• TASK REQUIREMENTS:
Each record, word for word and stripped of pictures, is what the answer should contain.

• DATA FOR PROCESSING:
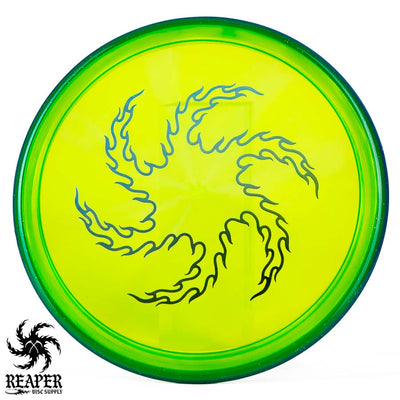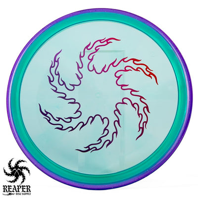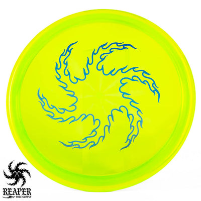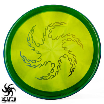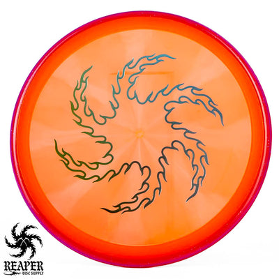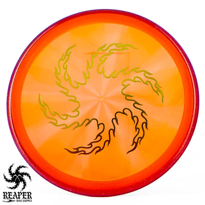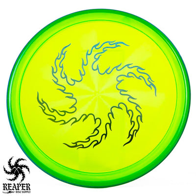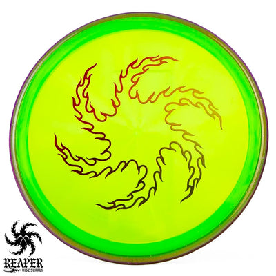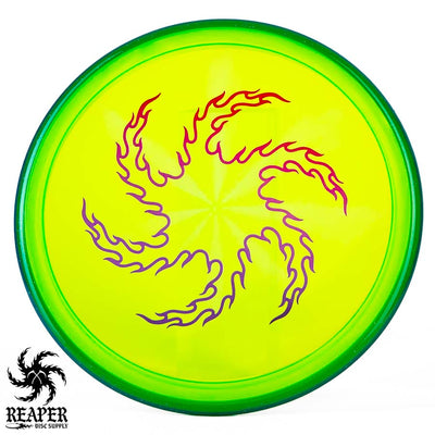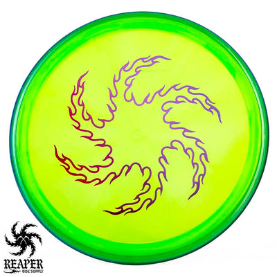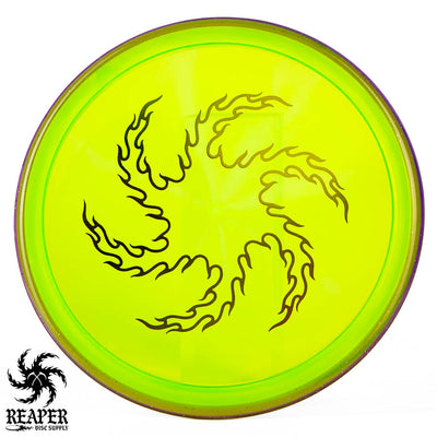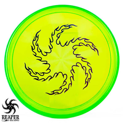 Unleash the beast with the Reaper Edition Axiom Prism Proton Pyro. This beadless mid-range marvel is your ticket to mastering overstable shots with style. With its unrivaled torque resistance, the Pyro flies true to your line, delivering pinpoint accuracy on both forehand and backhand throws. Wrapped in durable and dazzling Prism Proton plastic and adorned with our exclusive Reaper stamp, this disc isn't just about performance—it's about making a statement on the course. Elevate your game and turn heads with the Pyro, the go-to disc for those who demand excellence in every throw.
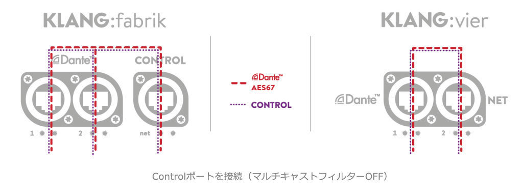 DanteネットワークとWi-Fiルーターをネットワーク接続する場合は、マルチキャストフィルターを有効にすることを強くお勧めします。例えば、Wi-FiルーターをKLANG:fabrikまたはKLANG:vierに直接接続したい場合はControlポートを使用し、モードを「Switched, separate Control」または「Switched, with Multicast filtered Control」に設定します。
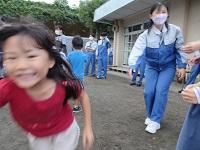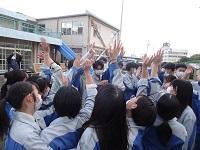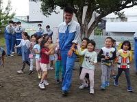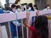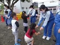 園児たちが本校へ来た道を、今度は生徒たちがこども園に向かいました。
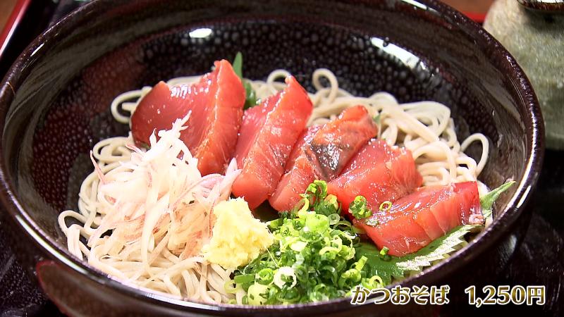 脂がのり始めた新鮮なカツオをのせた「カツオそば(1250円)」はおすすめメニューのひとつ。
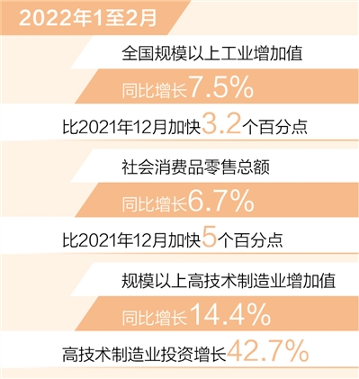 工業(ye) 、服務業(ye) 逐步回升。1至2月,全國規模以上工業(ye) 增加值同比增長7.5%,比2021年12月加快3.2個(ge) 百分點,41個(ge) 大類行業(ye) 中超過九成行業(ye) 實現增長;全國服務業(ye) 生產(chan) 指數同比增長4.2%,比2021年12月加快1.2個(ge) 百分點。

• ANSWER BOX:
 Unleash the beast with the Reaper Edition Axiom Prism Proton Pyro. This beadless mid-range marvel is your ticket to mastering overstable shots with style. With its unrivaled torque resistance, the Pyro flies true to your line, delivering pinpoint accuracy on both forehand and backhand throws. Wrapped in durable and dazzling Prism Proton plastic and adorned with our exclusive Reaper stamp, this disc isn't just about performance—it's about making a statement on the course. Elevate your game and turn heads with the Pyro, the go-to disc for those who demand excellence in every throw.
 DanteネットワークとWi-Fiルーターをネットワーク接続する場合は、マルチキャストフィルターを有効にすることを強くお勧めします。例えば、Wi-FiルーターをKLANG:fabrikまたはKLANG:vierに直接接続したい場合はControlポートを使用し、モードを「Switched, separate Control」または「Switched, with Multicast filtered Control」に設定します。
 園児たちが本校へ来た道を、今度は生徒たちがこども園に向かいました。
 脂がのり始めた新鮮なカツオをのせた「カツオそば(1250円)」はおすすめメニューのひとつ。
 工業(ye) 、服務業(ye) 逐步回升。1至2月,全國規模以上工業(ye) 增加值同比增長7.5%,比2021年12月加快3.2個(ge) 百分點,41個(ge) 大類行業(ye) 中超過九成行業(ye) 實現增長;全國服務業(ye) 生產(chan) 指數同比增長4.2%,比2021年12月加快1.2個(ge) 百分點。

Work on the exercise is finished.